Eradicating "awful" days key to Haas in 2018 - Magnussen
Kevin Magnussen believes that improving consistency rather than making a dramatic leap forward with its car will be key to helping Haas make progress in 2018.
Kevin Magnussen, Haas F1 Team
Andrew Hone / Motorsport Images
While the American team has scored regularly throughout this season, there have been times when it has struggled for pace thanks to a lack of performance.
Magnussen believes that it is improving on the bad days rather than trying to improve its good ones, that should be the focus over the winter.
"It has been a season of ups and downs," said the Dane. "Performance-wise some races we have been very good, and at other races, we have been pretty poor. So next year we need to try to find more consistency.
"We don't necessarily need to focus on our highs because they are quite high. We just need to raise the lower bar so we don't have those awful weekends."
Magnussen suggested that some of the inconsistency in Haas's performance comes from the fact that it does not have the huge numbers of staff that big money rivals have.
Asked about where he felt the team's weakness was, he said: "I think it is a general understanding of the car that perhaps isn't strong enough. And also tyres, we don't have any specific tyre specialists.
"We have people in the team who have a lot of experience but their expertise isn't tyres, it is engineering, vehicle dynamics and aerodynamics.
"We need some specific tyre people and then also a better general understanding of the aero, our maps and correlation."
However, Magnussen believes that being a smaller outfit does hand Haas some advantages when it comes to being able to react quicker or not get dragged down by politics.
"It is lacking in size of course compared to the teams I've been to previously, but it has a lot of strength in other areas," he said.
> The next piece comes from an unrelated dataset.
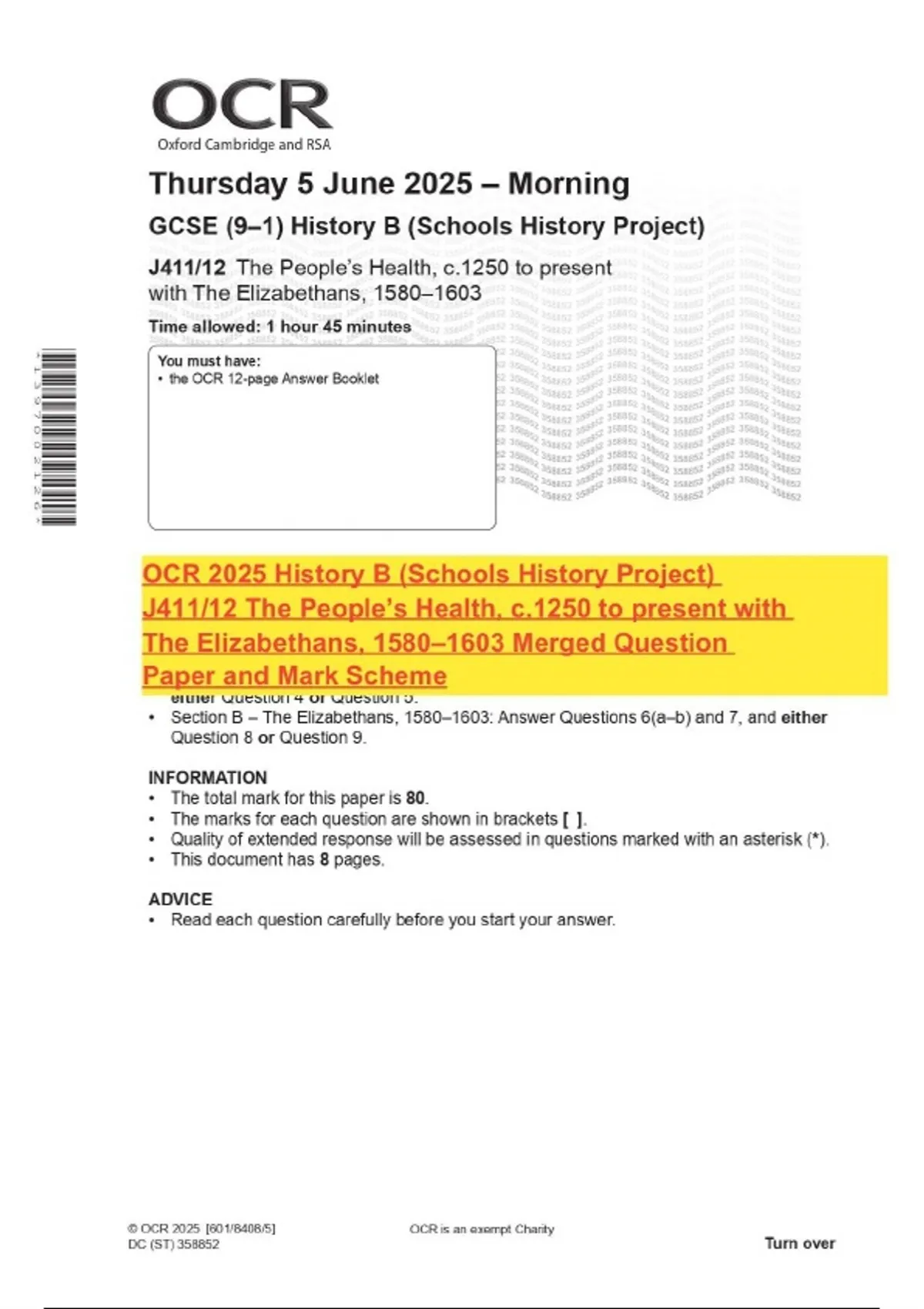 OCR 2025 History B (Schools History Project) J411/12 The People’s Health, c.1250 to present with The Elizabethans, 1580–1603 Merged Question Paper and Mark Scheme
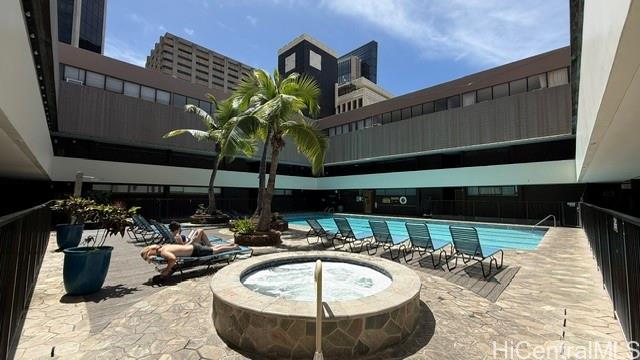 This unit is located at the Business District of Downtown Honolulu that is zoned as BMX-4 Business Mix Use Condo/Hotel-Rental Pool building. Short-term rentals are allowed according to the Building Management. Owner has option to join the Hotel Rental Pool of the building. The Fee is also available to purchase along with the closing of this unit. Bathroom has been recently upgraded. Furniture inside the unit comes with the sale. One assigned parking stall with brand new gate system. Features Central AC, 24-hour security. Closed to Hawaii Pacific University and all sorts of gourmet restaurants nearby. Walking distance to wet market in Chinatown . Bus-lines stop is right outside of the building. It is priced for absolutely “As Is” condition. Serious buyers are welcome to make any offer.

"You really have a lot of synergy in the team and everyone is working together, whereas I found in other teams, big teams, that you have the different departments growing very big.
"So sometimes they have a hard time agreeing and finding a direction because one department wants this because they are aero and the other department wants this because they are vehicle dynamics.
"It can become a challenge when you have a massive team.
"You have strengths that outweigh the challenges, but I feel like there is some strength as well by being small and being one team where everyone is working together."